Cancer du sang : un gène identifié comme oncogène dans le lymphome B

Une protéine jouant un rôle important dans le développement du cancer du sang le plus courant, le lymphome diffus à grandes cellules B, vient d’être identifiée.

La recherche sur le cancer continue d’avancer. Une récente équipe dmenée par le Centre national de recherche sur le cancer (CNIO) aux Etats-Unis a fait une découverte majeure : un nombre important de gènes HnRNP K peut provoquer des lymphomes diffus à grandes cellules B. Mais qu’est-ce que l’HnRNP K ?

De son nom complet Heterogeneous Nuclear Ribonucleoprotein, il s’agit d’une protéine de liaison à l’ARN (l’acide ribonucléique), une molécule biologique dont le rôle est justement de synthétiser les protéines, mais qui intervient aussi dans des réactions chimiques du métabolisme cellulaire.

Il a déjà été découvert lors de précédentes études que cette protéine est bien plus présente chez les personnes touchées par un cancer.
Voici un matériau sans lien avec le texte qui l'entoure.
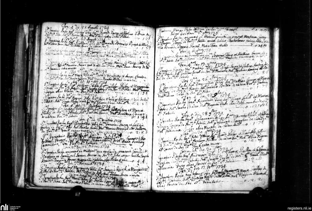 St. Patrick's and St. Olaf's, Waterford city; County of Waterford; Diocese of Waterford and Lismore. Baptisms, Marriages, Aug. 1734 to Dec. 1734
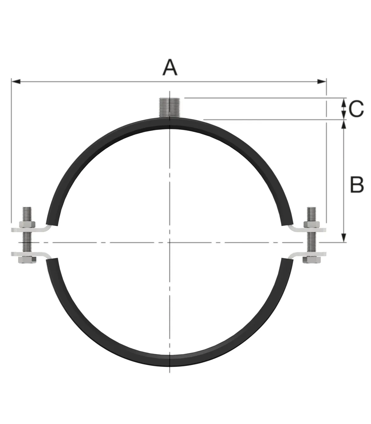 Abrazadera isofónica reforzada, diseñada para fijar tubos de ventilación, plásticos o metálicos de entre Ø18 y Ø355 mm (según el modelo). Se puede emplear en instalaciones de suministro o evacuación de agua o de transporte de gasóleo, entre otras. Cuenta con una tuerca soldada de doble rosca M8-M10 y una goma aislante de EPDM que reduce el ruido y las vibraciones. Cumple el Código Técnico de la Edificación y la norma DIN-4109 de aislamiento al ruido. Está fabricada en acero zincado.

Aujourd’hui, cette nouvelle étude, publiée dans le Journal of the National Cancer Institute,prouve qu’une surexpression de HnRNP K entraîne des cancers plus virulents et diminue les chances de survie.
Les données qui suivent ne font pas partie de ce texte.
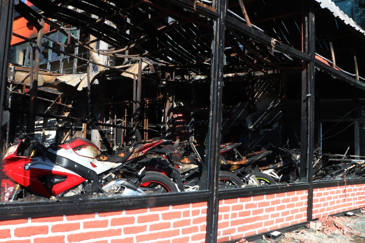 Motosiklet kiralama dükkanındaki onlarca motosikletin yandığı ve iş yeri sahibinin 6 milyon lirayı aşkın zarara uğradığı öğrenildi. Ekipler, yangının kesin çıkış nedenini belirlemek için çalışmalarını sürdürüyor. (DHA)

Une étude menée sur des souris génétiquement modifiées

Pour mener cette étude, les chercheurs sont utilisé des souris préalablement modifiées génétiquement pour avoir une sur-expression de HnRNP K. Ainsi, les chercheurs ont pu examiner directement l’effet du HnRNP K dans le cas lymphome B à grandes cellules. « La surexpression de HnRNP K chez des souris transgéniques a entraîné le développement d’un lymphome et réduit sa survie », résume Miguel Gallardo, chercheur et coordinateur de l’unité qui a mené ces recherches.

Le lymphome diffus à grandes cellules B est un cancer agressif, car sa masse tumorale augmente très rapidement, et les récidives sont très fréquentes. Néanmoins, grâce aux progrès de la recherche et la thérapie CAR-T Cells, récemment arrivée en France, il peut être mieux traité. La découverte de ce pro-oncogène pourra donc permettre de développer de nouvelles méthodes d’évaluation des patients et de nouvelles approches thérapeutiques pour augmenter les chances de rémission.